I assume this shift also changed the way you approach recording music.
It really made me look at the realities of the music industry and how it’s become very based upon touring income. Most of our income is from touring. I realized that I need to learn how to record. It’s something I’ve been dabbling in, but over the last year of being locked down, I really developed a skill, a place to do it and all the gear. So, I became a producer, [an] engineer and… [a] bad mixer. I’m tracking all my own stuff now. Not anything that we’ve released yet, but in the future, Senses Fail will pretty much all be self-recorded, and then we’ll outsource different aspects of it.

I needed to figure out a way that I could be active, be creative. What did I have? I had a bunch of time. I dabbled with Twitch for like three weeks, and it just wasn’t for me. Obviously, [I] did a podcast, and I just tried to figure out where, if anywhere, I could fit in. To me, creatively, being able to record myself and fully get down an idea from start to finish and mix it and have it finalized, that gives me a lot of freedom to where I don’t have to now take a record advance money or any kind of money.

It is a huge change for me. At one point [in] the band, I was just the singer and lyricist. Now I’m the guitar player, main songwriter and producer. I didn’t really think that was going to happen. That’s not really been something that I was aspiring to be. I realized this was a glaring hole in the business. If I can’t tour, I basically can’t make any money being a musician. That’s what a lot of us figured out. Like, “Wow, we are so reliant on this that I don’t have another model.”

[Photo by: Jonathan Weiner]

Could you talk about the two albums you chose to revisit for the performance?
They’re our two classic records. They’re the ones that are the biggest and most beloved of our catalog. I think if you were to ask anyone, “What Senses Fail song do you know?,” they would probably know a song off one of those two records. To me, they’re like the pinnacle of that emo sound from that era for our band. They make up a large chunk of my life when I was young in my early 20s and dealing with mental illness and addiction, coming of age and all the other good stuff that happens in your early 20s. Or bad stuff. [Laughs.]

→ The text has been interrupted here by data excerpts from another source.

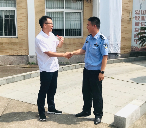 炎炎夏日送清涼 警民合作一家親 7月15日上午,臨海南收費(fèi)所所長孫明偉帶隊(duì)到沿江派出所送清涼,向堅(jiān)守一線的民警們送上誠摯的關(guān)懷,感謝他們對(duì)臨海南高速公路所做的貢獻(xiàn)。
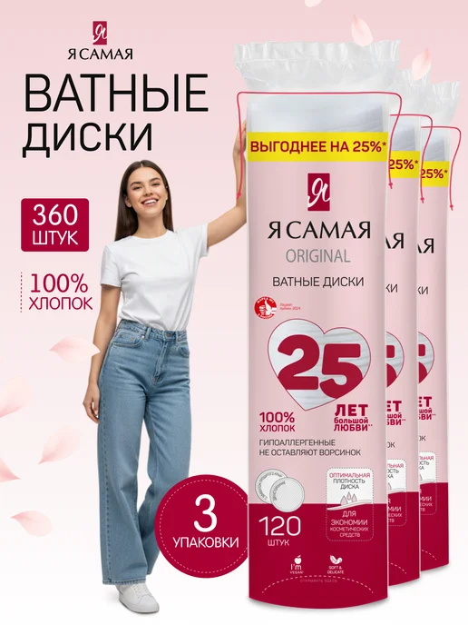 Ватные диски 360 шт с веревочкой (3уп по 120шт)
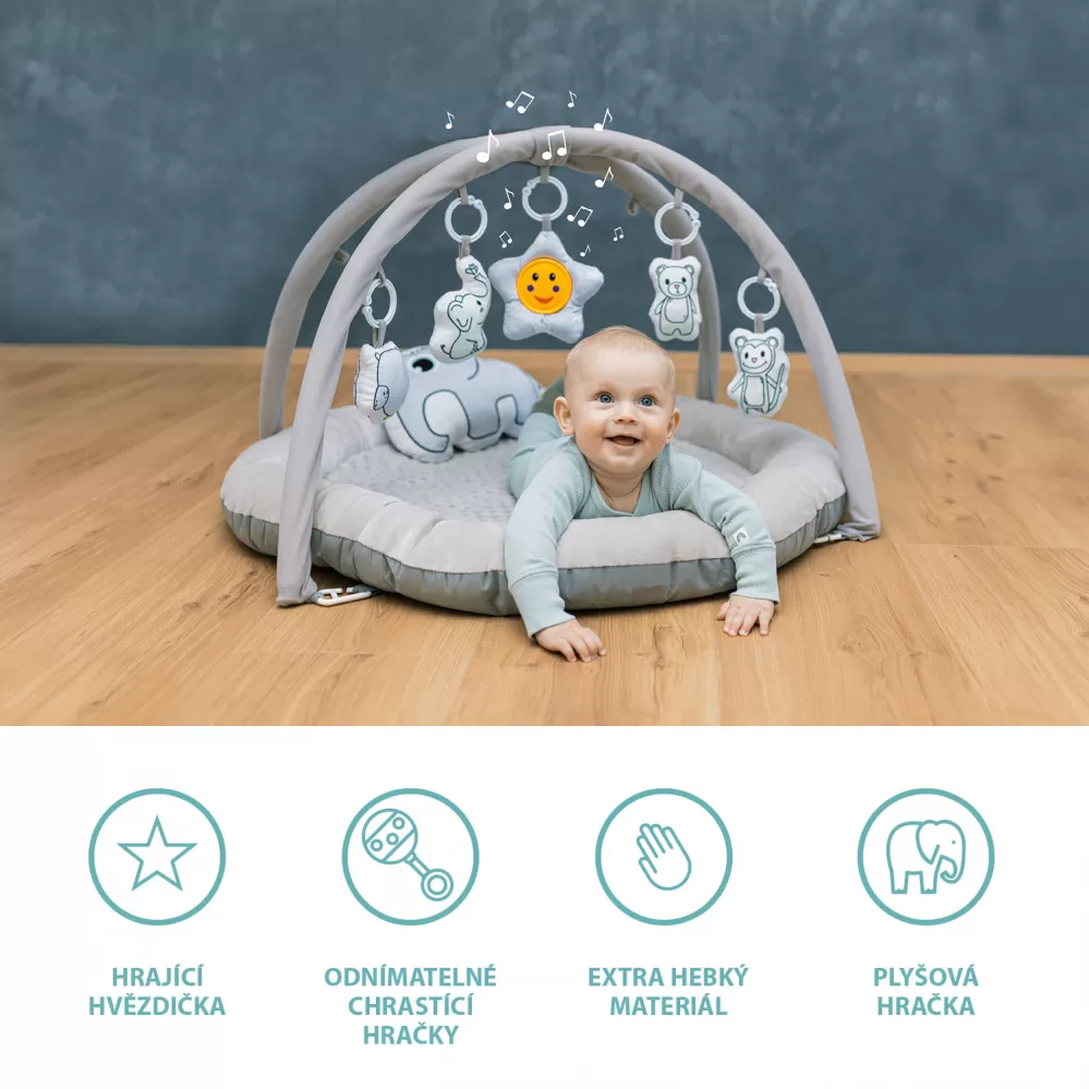 Heboučká hrací deka Comfort je ideální první hračkou pro vaše děťátko. Interaktivní plyšové hračky se štěrchátkem zábavnou formou motivují miminko k tréninku koordinace oko – ruka a později k úchopu. Hračky se dají jednoduše odepnout z hrazdičky a lze je použít na autosedačce nebo kočárku.
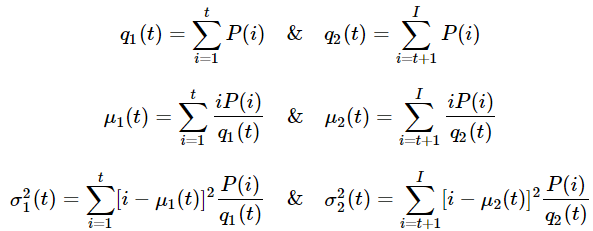 - 오츠 이진화 알고리즘은 Bimodal 히스토그램으로 작업하기 때문에 그룹 내의 분산을 최소로 하는 임계값으로 설정합니다. 모든 t값에 대해 계산을 하기 때문에 연산속도가 오래 걸려 Recursion을 이용해 효율적으로 계산하여 연산 속도를 올렸습니다.
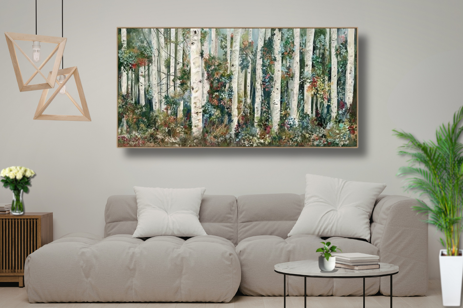 This birch forest canvas wall art from the tigeridge Store brings the quiet beauty of nature indoors. Featuring slender white birch trees surrounded by soft greenery and gentle floral accents, the artwork creates a peaceful woodland scene that feels both refreshing and grounding.
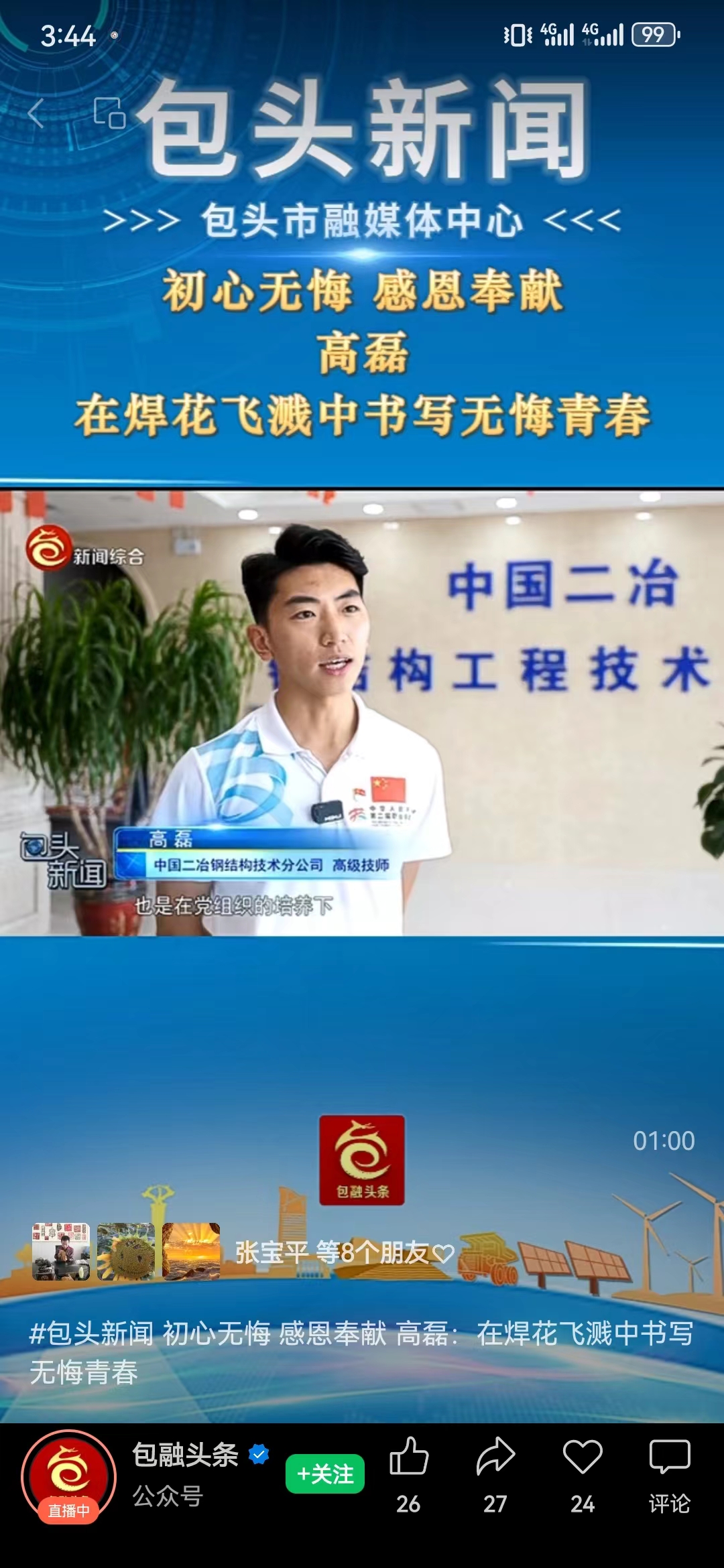 7月1日,包頭新聞報(bào)道中國二冶青年職工高磊。
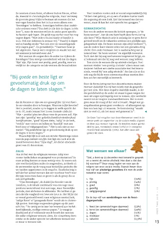 ‘vrolijk’ met toeters en bellen en ‘heerlijk’ met een en door 922 mensen ingevuld. De invullers waren gemid-
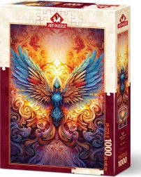 Merüljön el a főnix lenyűgöző, ragyogó színekben pompázó motívumában. Ez a minőségi, 1000 darabos puzzle nagyszerű kirakó élményt nyújt, és elkészülve otthona dísze lehet. A kész kép kb. 48 × 68 cm-es mérete ideális keretezéshez.

I definitely think they are classics of an important moment in music. Does it feel different to revisit them now that we have some distance from that era?
We never really had any distance from them because it’s the songs we play and have always played in every iteration of the band, every era. I don’t even look at them as old because they’re so current to me. It’s weird. Obviously, I’m not the person I was when I wrote them. I’m not having the same issues or feelings. But these songs feel so relevant. It’s interesting because when you make a record, you think all the songs are good. You don’t know which one is going to be the one that connects.

The thing is, you hope you have one that’s a success, but you never know which one that’ll be. You don’t really have control over what you end up having to play for the rest of your career. “Can’t Be Saved” or a song like that, it’s in every set we’ve ever played since that record came out, and it never won’t be. So it never feels like it’s an old song because I’m always playing it. Some of the other songs feel like, “Man, this didn’t age well.” [Laughs.]

The songs that did age well are the songs that we always play, that don’t have weird screaming or overly aggressive, misogynistic vocals—quirks of the era that definitely didn’t stand the test of time. And then you have a song like “Can’t Be Saved,” which just is a good song. It can be played now, it can be played 20 years ago and it can hopefully be played 20 years from now.